Organizations can use EHR timestamp data to improve clinical workflows by approximating the time it takes to complete common tasks. The data may be able to help providers with refining scheduling methods, analyzing EHR use, and quantifying how trainees interact with health IT systems, according to a study published in JAMIA.
In order to better understand how this dataset could help optimize interactions with the EHR, Researchers observed and collected workflow data from four ophthalmologists within Oregon Health and Science University’s (OHSU) Epic EHR system.
They compared the observations of workflows to timestamp data generated within the EHR, and found that EHR timestamps provided a reasonable approximation of workflow.
For three of the four physicians, the EHR timestamp measurements were within one minute of the observed reference exam times on average.
Additionally, 84.3 percent of the EHR calculated exam times were within three minutes of the observed times, indicating that this dataset could offer providers an accurate substitute for manual observation.
“There are many possible uses of this large set of timing data available from all EHRs,” the researchers wrote.
The team applied their findings to three different studies. The first used simulation models to test staff and exam room allocations and scheduling strategies that would prevent long wait times.
The models showed that adding staff and exam rooms didn’t reduce patient wait times, but scheduling patients who need more time toward the end of the day did help to control wait times throughout the day.
In addition to reducing patient satisfaction, long patient wait times can threaten healthcare revenue. This is especially true as the industry increasingly turns to value-based reimbursement models, in which clinicians are rewarded for providing timely access to quality care.
Researchers also applied their findings to a study on daily EHR use, and found that ophthalmologists use their EHR for an average of 3.7 hours per day. They also found that clinic volume and appointment complexity are two major factors that affect EHR use.
In general, researchers found that as patient volume increases, EHR use time decreases. However, they also found that when appointment complexity increases, so does EHR use time.
Since physicians with the highest clinic volume tend to see less complex patients, and vice versa, these findings suggest that patient volume is limited by the work required during exams. EHR use makes up a significant part of that work.
In fact, a 2017 study found that clinicians spend approximately 5.9 hours of an 11.4-hour workday on EHR documentation. This excessive amount of time spent on data entry has led to a spike in physician burnout, which negatively affects quality and cost of care.
Researchers also applied their findings to a third study that examined the impact of trainees on workflow. They found that trainees were associated with significantly longer appointment times for both fellows and residents.

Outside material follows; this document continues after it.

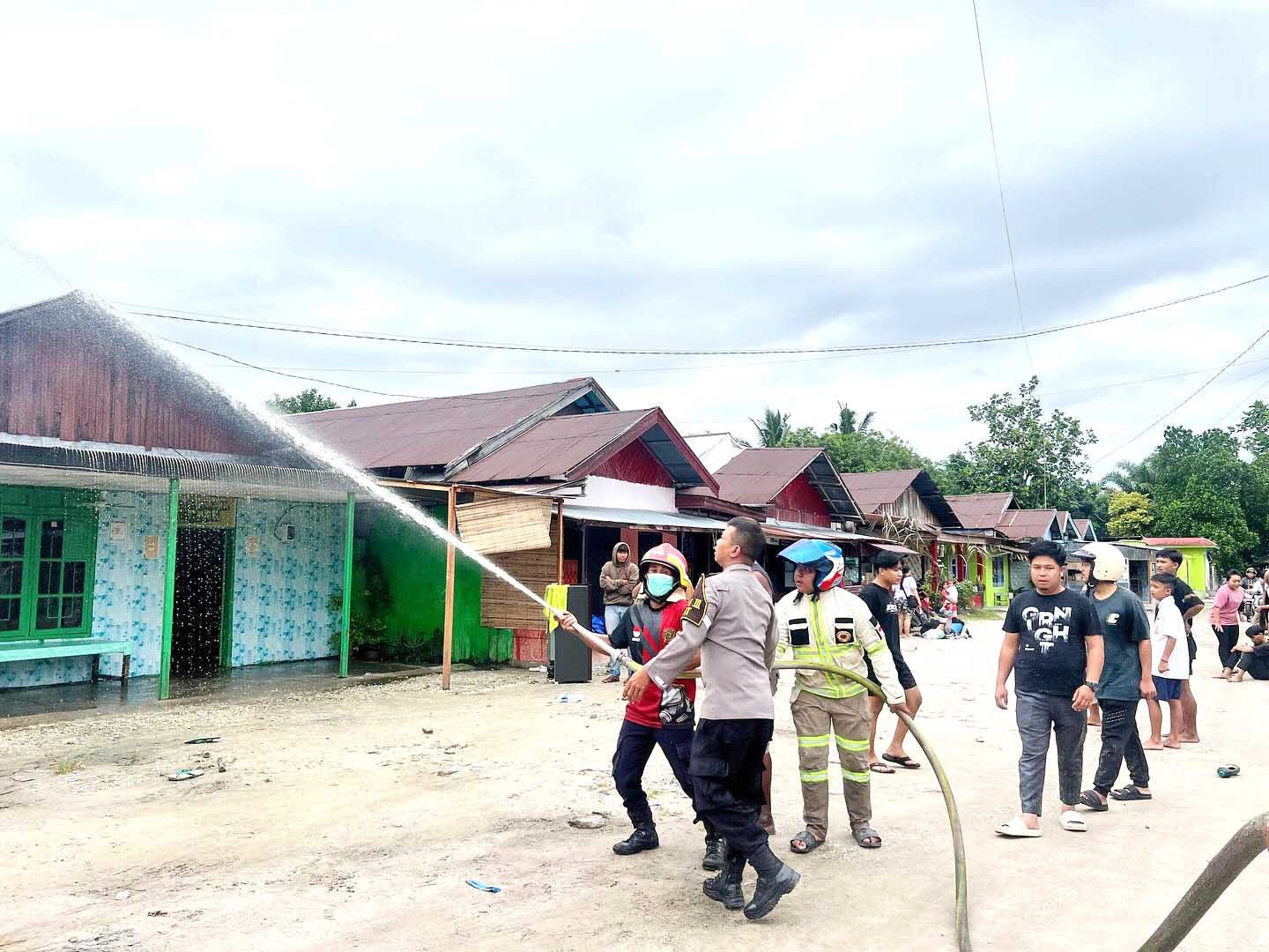 KEBAKARAN: Petugas berusaha memadamkan api yang menghanguskan rumah sekaligus warung minuman di Jalan Tjilik Riwut Km 19, Desa Hampalit, Kecamatan Katingan Hilir, Kabupaten Katingan, Senin (6/10/2025) pukul 14.30 WIB. FOTO WARGA UNTUK RADAR KALTENG

While there are programs in medical schools that allow students to interact with EHR data before entering residency, the researchers write that these results show the effects trainees have on the “efficiency, productivity, and financial viability of academic medical centers.”
The application of EHR timestamp data to studies like this can lead to better planning and reimbursement models for clinics’ training activities, the researchers state.
Using this type of metadata can help justify EHR improvements. EHR optimization requires technology experts to assess the current system in place, and to examine how users interact with the EHR.
Knowing the factors that significantly impact EHR use can help experts decide where to make improvements, and ultimately increase EHR efficiency.
Studying clinical workflow is a key way to gain insight for improving physician productivity. Providers are currently under pressure to see more patients in less time, and many believe that EHRs have only added to time pressure.
However, as the researchers indicate, workflow studies often require observational data that is too resource-intensive. The results of this study show that existing EHR timestamp data can help organizations boost physician productivity and increase patient satisfaction.
“These applications show the power of using existing EHR timing data for clinical workflow studies that would not have been possible otherwise and the possibilities for applying these methods to studies in other clinical settings,” the researchers concluded.